Work to be completed: Transcribe exactly the lines below that begin at the line with "抢先购期间,专注做植鞣皮包的" and stop after the line with "In via della", leaving out every picture.

Information given:
- - - - -

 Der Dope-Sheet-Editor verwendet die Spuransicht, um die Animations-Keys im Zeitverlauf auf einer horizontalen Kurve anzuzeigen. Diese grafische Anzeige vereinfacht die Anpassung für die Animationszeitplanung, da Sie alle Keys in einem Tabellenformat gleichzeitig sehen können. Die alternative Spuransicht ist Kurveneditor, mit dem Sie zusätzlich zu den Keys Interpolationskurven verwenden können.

- - - - -

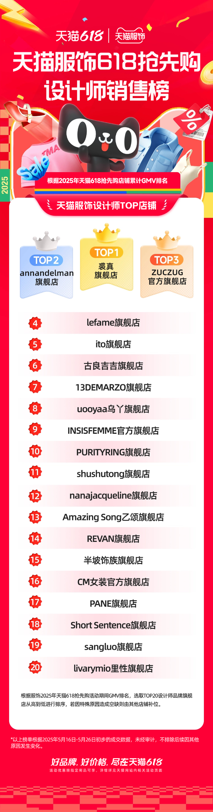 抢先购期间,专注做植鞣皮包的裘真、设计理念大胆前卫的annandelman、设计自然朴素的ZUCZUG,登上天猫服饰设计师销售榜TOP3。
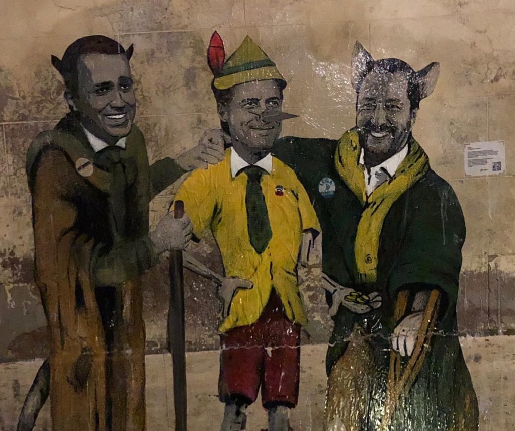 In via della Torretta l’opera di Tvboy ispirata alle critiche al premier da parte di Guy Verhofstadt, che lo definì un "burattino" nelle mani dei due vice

- - - - -

Solution:
 抢先购期间,专注做植鞣皮包的裘真、设计理念大胆前卫的annandelman、设计自然朴素的ZUCZUG,登上天猫服饰设计师销售榜TOP3。
 In via della Torretta l’opera di Tvboy ispirata alle critiche al premier da parte di Guy Verhofstadt, che lo definì un "burattino" nelle mani dei due vice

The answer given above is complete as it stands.